- Insolvency Insider UK
- Posts
- Court sanctions Argo Blockchain’s Part 26A plan, clearing path for debt-for-equity reset and delisting
Court sanctions Argo Blockchain’s Part 26A plan, clearing path for debt-for-equity reset and delisting

The High Court has sanctioned Argo Blockchain plc’s restructuring plan under Part 26A of the Companies Act 2006, completing a recapitalisation process that began in October as the crypto miner confronted prolonged industry volatility and mounting financial strain. The ruling, delivered on 10 December, gives legal effect to a compromise that converts Argo’s senior notes into equity, transfers control to its secured lender Growler Mining Tuscaloosa LLC, and removes the company from the London Stock Exchange’s Main Market.
Argo launched the Part 26A process after sustained pressure from falling bitcoin prices, uneven revenues, and rising energy costs tied to its large scale Quebec mining operation. The Court granted permission to convene creditor and shareholder meetings on 6 November, setting the plan on a fast-track timetable that moved through November and into December. Argo described the plan as a route to a rebalanced capital structure that would allow the dual-listed company to stabilise liquidity while preserving its Nasdaq presence.
At meetings held on 2 December, all three classes overwhelmingly approved the plan. Shareholders supported it with 81.7% of votes cast. Noteholders representing 100% in value voted in favour. Growler, the sole secured lender, also voted 100% in favour. A separate general meeting approved a Rule 9 waiver permitting Growler to receive a controlling equity stake without triggering a mandatory takeover offer.
The Court heard submissions from Argo, Growler, and the Court-appointed Retail Advocate at a sanction hearing on 8 December. The matter was adjourned for judgment to 10 December, when the Court confirmed it would sanction the plan. Trading in Argo’s London listed shares will end on 11 December and delisting will take effect on 12 December.

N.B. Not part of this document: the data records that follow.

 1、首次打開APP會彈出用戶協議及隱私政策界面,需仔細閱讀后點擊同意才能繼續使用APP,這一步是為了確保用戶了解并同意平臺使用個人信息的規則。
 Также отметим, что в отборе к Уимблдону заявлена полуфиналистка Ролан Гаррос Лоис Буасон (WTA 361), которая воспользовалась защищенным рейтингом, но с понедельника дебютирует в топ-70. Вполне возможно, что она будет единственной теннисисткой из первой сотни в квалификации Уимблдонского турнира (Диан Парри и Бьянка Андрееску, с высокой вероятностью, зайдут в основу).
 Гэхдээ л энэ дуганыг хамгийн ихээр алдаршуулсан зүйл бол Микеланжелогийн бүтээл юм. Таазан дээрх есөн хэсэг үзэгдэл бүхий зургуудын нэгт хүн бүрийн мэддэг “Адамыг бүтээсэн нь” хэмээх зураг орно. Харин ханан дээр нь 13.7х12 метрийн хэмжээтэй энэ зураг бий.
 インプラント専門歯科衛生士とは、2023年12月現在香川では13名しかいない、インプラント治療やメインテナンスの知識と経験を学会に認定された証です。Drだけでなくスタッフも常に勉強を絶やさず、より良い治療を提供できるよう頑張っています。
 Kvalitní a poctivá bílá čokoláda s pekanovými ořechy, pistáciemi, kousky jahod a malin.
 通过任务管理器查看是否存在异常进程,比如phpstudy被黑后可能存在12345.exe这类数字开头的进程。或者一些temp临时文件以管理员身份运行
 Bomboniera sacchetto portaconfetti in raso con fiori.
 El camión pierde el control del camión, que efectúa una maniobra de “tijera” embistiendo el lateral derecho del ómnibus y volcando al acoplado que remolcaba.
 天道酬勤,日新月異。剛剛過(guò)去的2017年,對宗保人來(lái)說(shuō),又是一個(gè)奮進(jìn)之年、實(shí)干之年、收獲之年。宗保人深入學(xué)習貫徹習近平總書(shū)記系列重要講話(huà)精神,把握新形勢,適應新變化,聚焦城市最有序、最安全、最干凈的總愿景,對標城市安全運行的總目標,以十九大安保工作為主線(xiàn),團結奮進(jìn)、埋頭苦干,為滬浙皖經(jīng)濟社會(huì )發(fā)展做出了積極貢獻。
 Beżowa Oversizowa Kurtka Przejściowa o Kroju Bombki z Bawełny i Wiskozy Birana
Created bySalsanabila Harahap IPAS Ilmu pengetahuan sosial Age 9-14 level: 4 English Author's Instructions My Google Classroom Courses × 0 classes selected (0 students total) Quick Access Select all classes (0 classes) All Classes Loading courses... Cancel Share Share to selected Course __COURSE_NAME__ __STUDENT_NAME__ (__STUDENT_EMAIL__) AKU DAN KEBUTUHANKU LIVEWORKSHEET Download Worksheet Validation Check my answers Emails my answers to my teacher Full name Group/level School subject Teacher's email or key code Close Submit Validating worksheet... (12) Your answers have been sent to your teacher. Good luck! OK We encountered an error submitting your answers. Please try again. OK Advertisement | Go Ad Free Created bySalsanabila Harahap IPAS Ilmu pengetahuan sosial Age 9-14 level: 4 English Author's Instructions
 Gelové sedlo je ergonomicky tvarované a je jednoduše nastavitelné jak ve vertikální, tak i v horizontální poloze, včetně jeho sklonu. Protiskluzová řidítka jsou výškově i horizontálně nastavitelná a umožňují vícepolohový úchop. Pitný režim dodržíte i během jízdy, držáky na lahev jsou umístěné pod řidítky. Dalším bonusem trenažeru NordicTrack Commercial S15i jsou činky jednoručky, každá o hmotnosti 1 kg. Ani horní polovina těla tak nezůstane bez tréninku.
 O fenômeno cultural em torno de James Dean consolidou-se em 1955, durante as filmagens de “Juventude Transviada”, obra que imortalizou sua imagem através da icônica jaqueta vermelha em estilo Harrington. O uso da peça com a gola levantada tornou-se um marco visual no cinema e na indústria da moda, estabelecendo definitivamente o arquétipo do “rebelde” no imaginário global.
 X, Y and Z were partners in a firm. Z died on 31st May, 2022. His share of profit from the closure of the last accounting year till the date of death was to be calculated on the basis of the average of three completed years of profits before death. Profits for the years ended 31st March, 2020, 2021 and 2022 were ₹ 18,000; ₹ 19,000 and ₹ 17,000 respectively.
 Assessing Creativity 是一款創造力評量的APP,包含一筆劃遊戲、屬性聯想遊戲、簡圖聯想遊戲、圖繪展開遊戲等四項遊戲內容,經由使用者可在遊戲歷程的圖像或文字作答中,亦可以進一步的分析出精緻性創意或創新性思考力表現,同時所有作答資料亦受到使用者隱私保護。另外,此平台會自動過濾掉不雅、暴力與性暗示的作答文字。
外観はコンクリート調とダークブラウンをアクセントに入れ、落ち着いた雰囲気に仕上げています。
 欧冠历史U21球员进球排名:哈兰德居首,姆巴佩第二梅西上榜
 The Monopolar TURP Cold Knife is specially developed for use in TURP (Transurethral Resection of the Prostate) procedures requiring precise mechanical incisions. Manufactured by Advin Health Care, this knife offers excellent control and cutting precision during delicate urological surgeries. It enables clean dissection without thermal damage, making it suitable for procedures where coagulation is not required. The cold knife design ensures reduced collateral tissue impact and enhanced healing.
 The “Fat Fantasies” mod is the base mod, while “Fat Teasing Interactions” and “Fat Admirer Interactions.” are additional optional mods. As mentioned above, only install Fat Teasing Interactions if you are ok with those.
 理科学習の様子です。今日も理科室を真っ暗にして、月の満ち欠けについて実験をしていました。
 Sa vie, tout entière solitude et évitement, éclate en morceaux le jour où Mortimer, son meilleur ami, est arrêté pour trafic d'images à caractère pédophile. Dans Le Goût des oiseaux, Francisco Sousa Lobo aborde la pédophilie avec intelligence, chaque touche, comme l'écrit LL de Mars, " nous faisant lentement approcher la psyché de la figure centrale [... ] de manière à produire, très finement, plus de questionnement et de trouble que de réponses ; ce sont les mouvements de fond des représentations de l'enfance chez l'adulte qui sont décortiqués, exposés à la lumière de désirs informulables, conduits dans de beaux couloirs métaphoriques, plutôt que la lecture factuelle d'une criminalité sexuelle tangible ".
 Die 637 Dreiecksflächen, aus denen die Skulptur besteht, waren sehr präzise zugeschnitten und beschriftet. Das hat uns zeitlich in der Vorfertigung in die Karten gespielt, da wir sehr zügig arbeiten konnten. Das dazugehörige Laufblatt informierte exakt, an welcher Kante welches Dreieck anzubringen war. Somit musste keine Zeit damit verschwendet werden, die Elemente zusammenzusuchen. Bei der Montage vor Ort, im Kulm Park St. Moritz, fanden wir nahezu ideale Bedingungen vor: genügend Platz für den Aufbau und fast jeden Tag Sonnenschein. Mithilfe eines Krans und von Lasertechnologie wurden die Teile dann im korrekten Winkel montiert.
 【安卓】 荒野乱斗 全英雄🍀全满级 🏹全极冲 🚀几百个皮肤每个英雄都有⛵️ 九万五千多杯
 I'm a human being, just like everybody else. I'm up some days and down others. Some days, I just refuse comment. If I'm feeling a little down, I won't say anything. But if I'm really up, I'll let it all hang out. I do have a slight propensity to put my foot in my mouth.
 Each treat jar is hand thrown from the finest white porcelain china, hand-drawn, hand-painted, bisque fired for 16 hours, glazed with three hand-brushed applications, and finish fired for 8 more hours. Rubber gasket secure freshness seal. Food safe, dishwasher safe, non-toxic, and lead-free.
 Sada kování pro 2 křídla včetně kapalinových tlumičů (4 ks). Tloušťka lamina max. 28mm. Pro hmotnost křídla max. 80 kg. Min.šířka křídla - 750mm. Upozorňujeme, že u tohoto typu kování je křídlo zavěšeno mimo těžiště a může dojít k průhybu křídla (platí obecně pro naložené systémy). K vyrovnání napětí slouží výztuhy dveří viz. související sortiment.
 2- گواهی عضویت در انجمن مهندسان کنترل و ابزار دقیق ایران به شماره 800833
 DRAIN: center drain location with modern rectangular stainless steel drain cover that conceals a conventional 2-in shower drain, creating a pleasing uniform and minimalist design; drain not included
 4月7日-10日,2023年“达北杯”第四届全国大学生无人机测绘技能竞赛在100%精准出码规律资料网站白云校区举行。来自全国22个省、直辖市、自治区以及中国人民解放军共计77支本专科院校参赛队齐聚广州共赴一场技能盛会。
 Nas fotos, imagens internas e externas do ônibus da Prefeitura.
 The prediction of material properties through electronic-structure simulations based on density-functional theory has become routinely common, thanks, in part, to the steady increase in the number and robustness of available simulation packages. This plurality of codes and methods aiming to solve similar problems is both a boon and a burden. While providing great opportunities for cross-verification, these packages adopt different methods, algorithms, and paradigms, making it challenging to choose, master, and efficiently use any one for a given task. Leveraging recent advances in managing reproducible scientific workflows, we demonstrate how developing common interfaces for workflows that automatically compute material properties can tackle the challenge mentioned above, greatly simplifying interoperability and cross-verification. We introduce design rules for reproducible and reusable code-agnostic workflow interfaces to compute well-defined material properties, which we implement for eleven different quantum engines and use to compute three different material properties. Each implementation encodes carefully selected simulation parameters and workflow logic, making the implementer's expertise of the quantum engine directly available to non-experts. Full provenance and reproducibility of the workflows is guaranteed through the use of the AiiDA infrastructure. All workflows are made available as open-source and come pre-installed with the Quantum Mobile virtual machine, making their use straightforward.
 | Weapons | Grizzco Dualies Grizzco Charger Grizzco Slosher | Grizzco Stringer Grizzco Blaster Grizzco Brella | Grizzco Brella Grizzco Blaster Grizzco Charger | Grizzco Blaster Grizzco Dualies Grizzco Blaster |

Implementation now shifts to a large-scale issuance of new equity. The plan provides for 2,885,767,520 new ordinary shares to be issued to a JPMorgan Chase Bank nominee for allocation to bondholders in exchange for the retirement of Argo’s 8.75% senior notes due 2026. A further 25,250,465,800 new shares will be issued to Growler’s nominee in consideration of its debt conversion, the transfer of Growler USCo Inc, and the provision of exit capital, as well as the release of its security package. Growler representative Ralfe Hickman will join the board as a director on 12 December.
Chief executive officer Justin Nolan said the plan leaves Argo with a recapitalised balance sheet, upgraded power infrastructure, and additional mining equipment supplied through the Growler transactions. The restructuring also ensures that Argo maintains its Nasdaq listing, which the board has described as central to its future strategy. Growler manager Stan Pate said the restructuring provides the foundation for a more robust mining and energy infrastructure business.
Argo relied on exemptions under the US Securities Act, including Section 3(a)(10), to issue securities under the plan without registration. The company had flagged this strategy when it launched the process, citing the need for a multi-jurisdictional solution suited to its London and Nasdaq investor base. The plan now becomes one of the most prominent crypto sector restructurings completed under the UK’s Part 26A regime.